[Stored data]
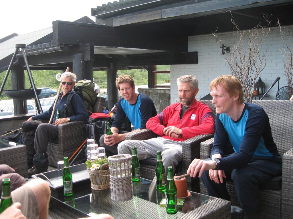 Per S., Bjørnar, Jørund og Lars på Grotlis terrasse. Alle med øl, men bare Lars med sigar.
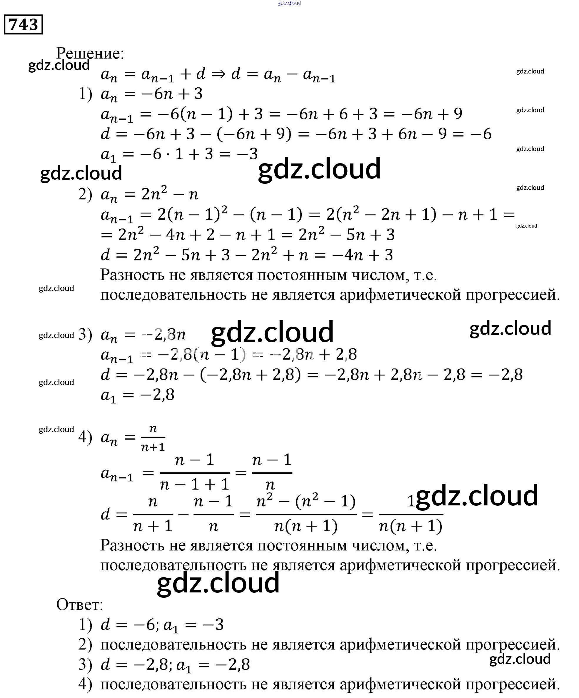 Ответ на задание 743 Учебник Алгебра за 9 (девятый) класс Мерзляк, Полонский, Якир Алгоритм успеха 2016, 2021
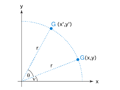 假设我们在二维空间(用笛卡尔坐标系统表示)中有一个点 ( x , y ), 则连接原点与 ( x , y )点的向量表示为 ( x , y ) ,设这个向量与 x 轴的夹角为 ν ,现在我们将这个向量按逆时针方向旋转角度 θ ,得到新的坐标 ,如下图:
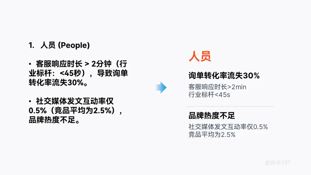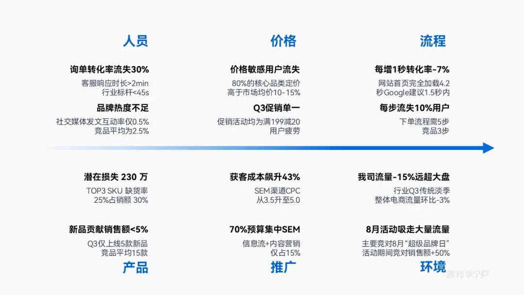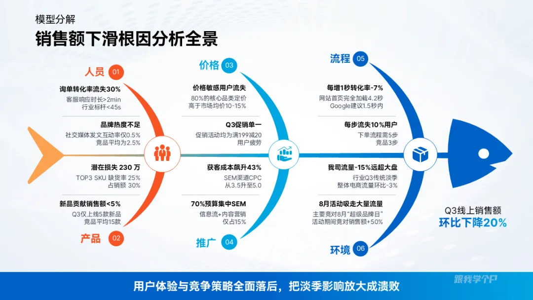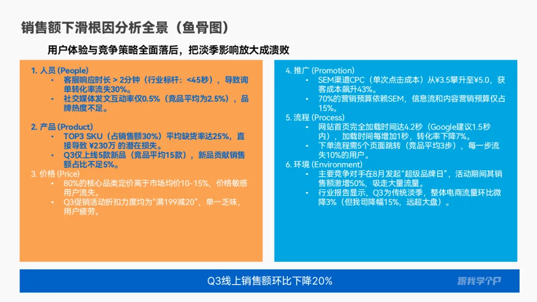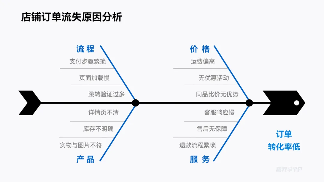 先来看一个简单的,这页是店铺订单流失原因分析的案例:
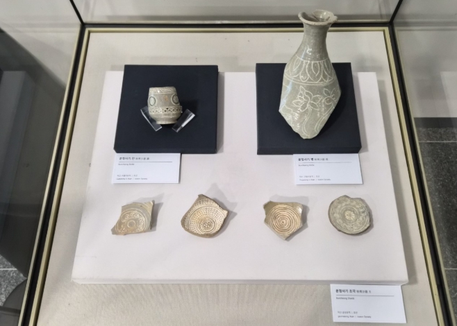 분청사기 잔과 병 등에 새겨진 다양한 문양과 조형미를 한눈에 살펴볼 수 있다.

[WORK ORDER]
Your copy should match every entry above exactly and contain no pictures.

[WRITTEN ANSWER]
 Per S., Bjørnar, Jørund og Lars på Grotlis terrasse. Alle med øl, men bare Lars med sigar.
 Ответ на задание 743 Учебник Алгебра за 9 (девятый) класс Мерзляк, Полонский, Якир Алгоритм успеха 2016, 2021
 假设我们在二维空间(用笛卡尔坐标系统表示)中有一个点 ( x , y ), 则连接原点与 ( x , y )点的向量表示为 ( x , y ) ,设这个向量与 x 轴的夹角为 ν ,现在我们将这个向量按逆时针方向旋转角度 θ ,得到新的坐标 ,如下图:
 先来看一个简单的,这页是店铺订单流失原因分析的案例:
 분청사기 잔과 병 등에 새겨진 다양한 문양과 조형미를 한눈에 살펴볼 수 있다.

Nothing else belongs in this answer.